Media bisa berasal dari campuran sekam dan pupuk kandang (2:1) atau menggunakan pakis cacah.

Perbanyakan
Bisa dilakukan dengan biji. Atau cara termudah adalah dengan split anakan yang ada. Yang sebelumnya harus sudah disiapkan media tanamnya



CARA PERAWATAN ADENIUM

· Adenium membutuhkan cahaya matahari langsung minimal 5 jam perhari. Untuk tanaman muda (di bawah usia 2 bulan) lebih baik diletakkan ditempat yang agak ternaungi

· Adenium dapat hidup antara suhu 5-52 derajat c.

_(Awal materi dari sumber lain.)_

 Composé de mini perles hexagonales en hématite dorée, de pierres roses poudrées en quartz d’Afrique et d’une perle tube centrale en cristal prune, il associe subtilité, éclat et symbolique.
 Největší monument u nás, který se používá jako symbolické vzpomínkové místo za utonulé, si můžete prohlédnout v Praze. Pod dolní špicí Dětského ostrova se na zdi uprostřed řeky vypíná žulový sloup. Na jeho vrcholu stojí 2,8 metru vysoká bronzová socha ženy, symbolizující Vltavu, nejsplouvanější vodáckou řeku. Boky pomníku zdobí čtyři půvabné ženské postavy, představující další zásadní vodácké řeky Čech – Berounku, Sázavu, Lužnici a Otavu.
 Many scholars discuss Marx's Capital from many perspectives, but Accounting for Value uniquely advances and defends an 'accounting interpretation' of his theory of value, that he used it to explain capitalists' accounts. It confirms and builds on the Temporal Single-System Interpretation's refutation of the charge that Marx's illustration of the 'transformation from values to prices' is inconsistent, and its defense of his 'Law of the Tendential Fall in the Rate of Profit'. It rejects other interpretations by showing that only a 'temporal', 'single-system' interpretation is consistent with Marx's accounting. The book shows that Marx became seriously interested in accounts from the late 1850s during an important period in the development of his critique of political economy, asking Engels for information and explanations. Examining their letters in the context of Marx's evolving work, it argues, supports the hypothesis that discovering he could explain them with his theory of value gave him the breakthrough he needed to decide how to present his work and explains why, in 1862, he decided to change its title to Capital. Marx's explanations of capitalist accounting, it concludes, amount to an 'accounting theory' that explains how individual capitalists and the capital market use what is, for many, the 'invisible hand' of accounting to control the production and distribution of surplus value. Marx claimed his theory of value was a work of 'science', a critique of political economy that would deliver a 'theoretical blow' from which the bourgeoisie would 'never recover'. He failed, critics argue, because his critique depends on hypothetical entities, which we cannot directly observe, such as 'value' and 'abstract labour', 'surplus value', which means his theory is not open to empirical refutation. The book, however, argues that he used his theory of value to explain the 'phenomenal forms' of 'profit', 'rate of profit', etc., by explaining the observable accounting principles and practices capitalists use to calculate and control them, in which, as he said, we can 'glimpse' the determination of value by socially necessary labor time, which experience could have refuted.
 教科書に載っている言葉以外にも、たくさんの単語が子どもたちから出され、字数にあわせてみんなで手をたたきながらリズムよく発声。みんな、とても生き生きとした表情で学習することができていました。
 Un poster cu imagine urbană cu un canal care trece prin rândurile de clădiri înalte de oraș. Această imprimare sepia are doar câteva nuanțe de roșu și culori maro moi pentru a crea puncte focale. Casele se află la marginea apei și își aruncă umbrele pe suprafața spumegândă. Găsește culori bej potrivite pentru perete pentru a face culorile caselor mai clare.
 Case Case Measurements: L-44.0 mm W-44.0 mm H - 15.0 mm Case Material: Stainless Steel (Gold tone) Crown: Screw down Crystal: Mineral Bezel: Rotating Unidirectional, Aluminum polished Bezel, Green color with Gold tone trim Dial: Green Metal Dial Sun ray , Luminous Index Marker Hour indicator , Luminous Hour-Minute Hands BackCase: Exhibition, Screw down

· Penyiraman dapat dilakukan setiap hari jika musim kemarau tiba, namun kurangi penyiraman saat musim hujan.

· Pemupukan dapat menggunakan pupuk kandang, humus atau kompos yang ditambahkan pada permukaan media tanam setiap 1 bulan sekali. Selain itu dapat digunakan pupuk organik buatan pabrik dalam bentuk tablet atau butiran. Juga pupuk kimia buatan pabrik yang bersifat slow release (tidak mudah larut) seperti Dekastar, Magamp, Osmocote setiap 3 atau 6 bulan sekali.Pupuk daun dapat juga diberikan, seperti Gandasil, Hyponex dll. disamping itu dapat ditambahkan hormon pertumbuhan seperti Atonik, Dekamon dll dengan cara disemprotkan ke sekujur tanaman sebulan sekali.

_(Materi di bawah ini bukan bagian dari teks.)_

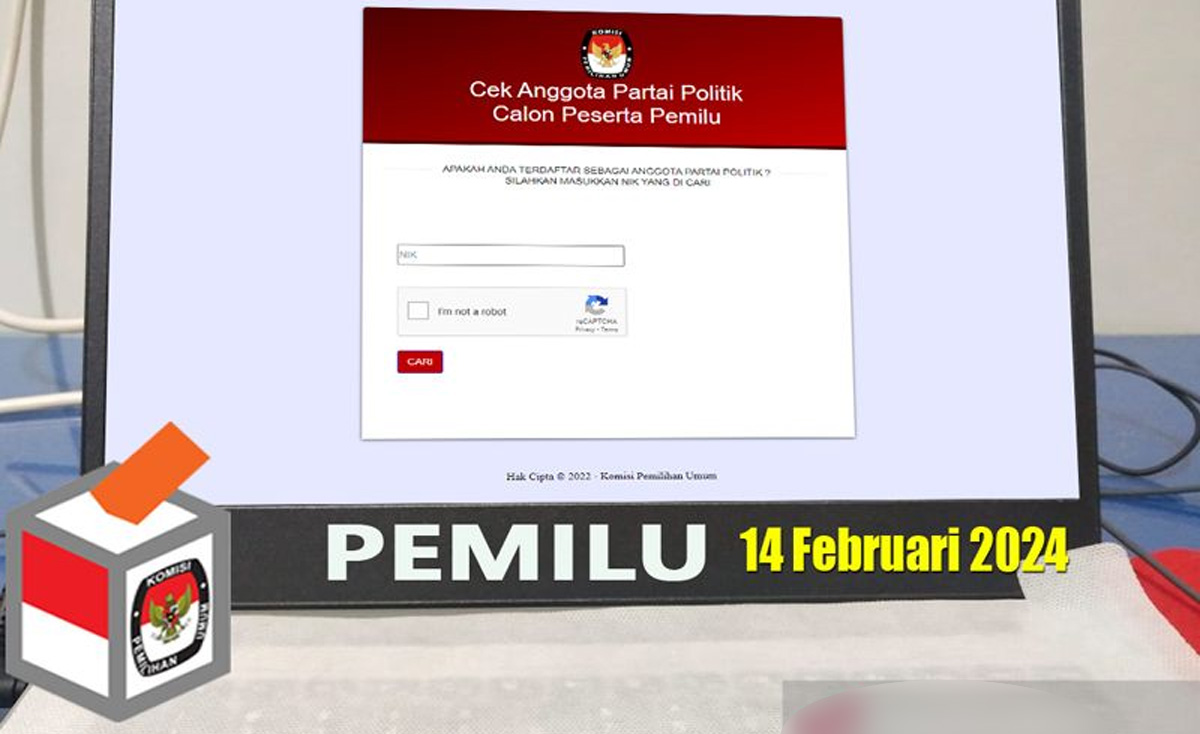 Muncul frasa “Cek Anggota Partai Politik Calon Peserta Pemilu” dan “APAKAH ANDA TERDAFTAR SEBAGAI ANGGOTA PARTAI POLITIK? SILAHKAN [silakan] MASUKKAN NIK YANG DI CARI [dicari]”.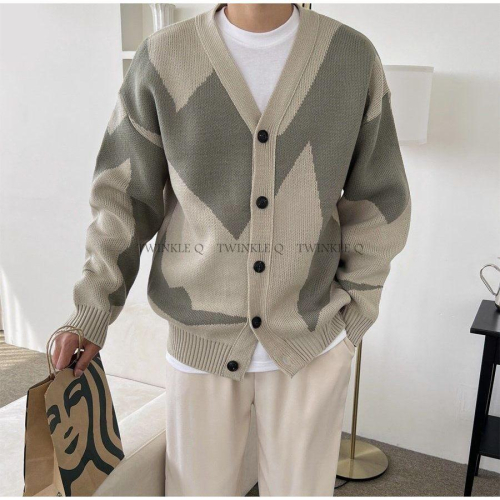 Twinkle Q韓國代購(現貨+預購)✈️東大門🔥南大門正韓 針織毛衣 不規則 撞色休閒外套 V領針織外套 男女 中性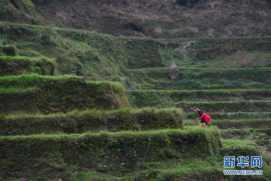 3月25日,在桂黔乌英苗寨,村民往稻田里投放螺苗。新华社记者黄孝邦摄

· Media tanam : Bisa digunakan pasir + arang + pupuk kandang dengan perbandingan 1:1:1. Jika tak ditemukan arang bisa digunakan sekam atau bahan lainnya yang mirip sifatnya. Lebih sempurna jika ditambah kapur dolomit secukupnya. Penggantian media tanam dapat dilakukan setiap tahun sekali
Hama dan Penyakit

· Tungau merah adalah musuh besar Adenium. Tandanya: daun gugur dan menguning bagian pucuk. Gunakan akarisida seperti: Kelthane atau Omite.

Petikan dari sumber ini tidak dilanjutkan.